Grozdanovitch. Fabrice et Didier sont face à face, ils vont lire tour à tour le même extrait, en prenant garde à

ne pas trop théâtraliser. La voix, les intonations, le rendu est différent. Catherine Gandois les observe, rectifie,

pense à une mise en espace qui ne soit pas du théâtre et en même temps judicieuse pour que l'auditoire

accroche. Après cinq séances, une lecture publique se tient dans la petite salle de cinquante places du

théâtre de la Boutonnière. Le baptême du feu.

«Un retour au texte pur».

Sur cette nouvelle mode, des festivals ont prospéré (lire ci-contre). Aujourd'hui, tant de manifestations

intègrent des lectures qu'il est difficile de les compter. Le théâtre, qui n'est plus seulement le lieu du répertoire

depuis les années 70, a contribué à faire de la matière littéraire un objet artistique. Selon Bernhard Engel, cet

engouement va à contre-courant du conte. «Le conte, apparu à la fin des années 60, offrait la possibilité de

parler librement sans respecter le texte, dit-il. On a eu un besoin de retour au texte pur.» Pour un auteur

comme Chantal Pelletier, c'est une réaction à l'avalanche de marketing qui prévaut dans l'édition: «On parle

plus des gros qui publient que de ceux qui écrivent. Et, dans les festivals, on a abordé tous les sujets de

débats, on a l'impression de faire du talk-show sans être à la télévision.»

Une génération de jeunes écrivains écrivent aussi avec la voix. «Une flopée d'entre eux font des performances

avec leurs livres dans la tradition de la poésie sonore de Bernard Heidsieck. Olivier Cadiot, Nathalie Quintane,

Charles Pennequin, Christophe Fiat, Véronique Ovaldé, Emmanuelle Pireyre, avec l'idée que la voix de l'auteur

est porteuse d'une authenticité», ajoute Guy Walter, qui met la dernière main à son festival Les Intranquilles.

Pas moyen d'acheter le livre à la sortie.

Ce nouveau besoin du public n'étonne pas non plus Olivier Poivre d'Arvor, qui a lancé en 2005 le Marathon des

mots, manifestation consacrée à la littérature à haute voix.

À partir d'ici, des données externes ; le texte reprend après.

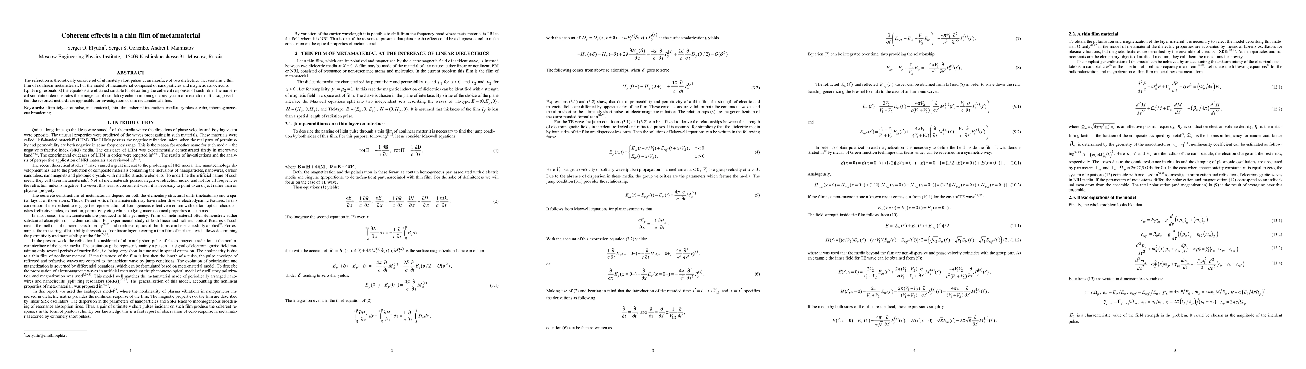 This paper investigates the coherent effects of ultra-short pulses refracting at the interface of two dielectrics containing a thin film of nonlinear metamaterial. It develops equations to describe the coherent responses of metamaterial films composed of nanoparticles and magnetic nanocircuits, revealing oscillatory echoes through numerical simulations.

La figure de l'écrivain lui paraît aussi avoir été

désacralisée à force d'être baladée entre un plateau télé et un salon du livre commercial. «La parole

intellectuelle est trafiquée, la parole institutionnelle dévaluée. Personne ne parle plus vrai. Seule une parole

forte et vivante parle aux gens. On voit comment le texte, la voix peuvent devenir indispensables.» De fait, la

première édition de son Marathon toulousain a été un raz-de-marée, 52 000 entrées en quatre jours. Cette

année, il en attend 60 000 (2). Il cite en modèle la réussite des Folles Journées de Nantes. «Pour un prix

modique, sans formalisme, sans réservation à faire trois mois avant, on donne accès à de grands noms en

circulant d'un micro à l'autre.» Comble de l'auditeur : pas moyen d'acheter le livre à la sortie.

Les Livreurs essaient de convaincre qu'assister à une lecture n'est pas qu'un passe-temps d'intello. Catherine

Gandois insuffle aux comédiens le plaisir de s'effacer et de servir le texte. Chantal Pelletier veut briser la

solitude de l'écrivain, plus grande que jamais, et revenir à l'essentiel. Guy Walter croit au charme de la voix,

même en langue étrangère. Olivier Poivre d'Arvor, périlleuse arabesque, refuse le marketing tout en l'utilisant.

Tous aiment la lecture à haute voix. Comme du premier bain dans cette source chaude de l'écrit. Rappelez-

vous. Peut-être. De cette voix aimée, père, mère, frère ou soeur, qui donna vie aux hiéroglyphes imprimés. Du

souvenir d'être dans des bras ou sur des genoux, bercé par des mots qui titillaient l'imagination. La lecture à

voix haute fut d'abord ça.

(1) Flammarion, 2006.

(2) A Toulouse du 15 au 18 juin 2006.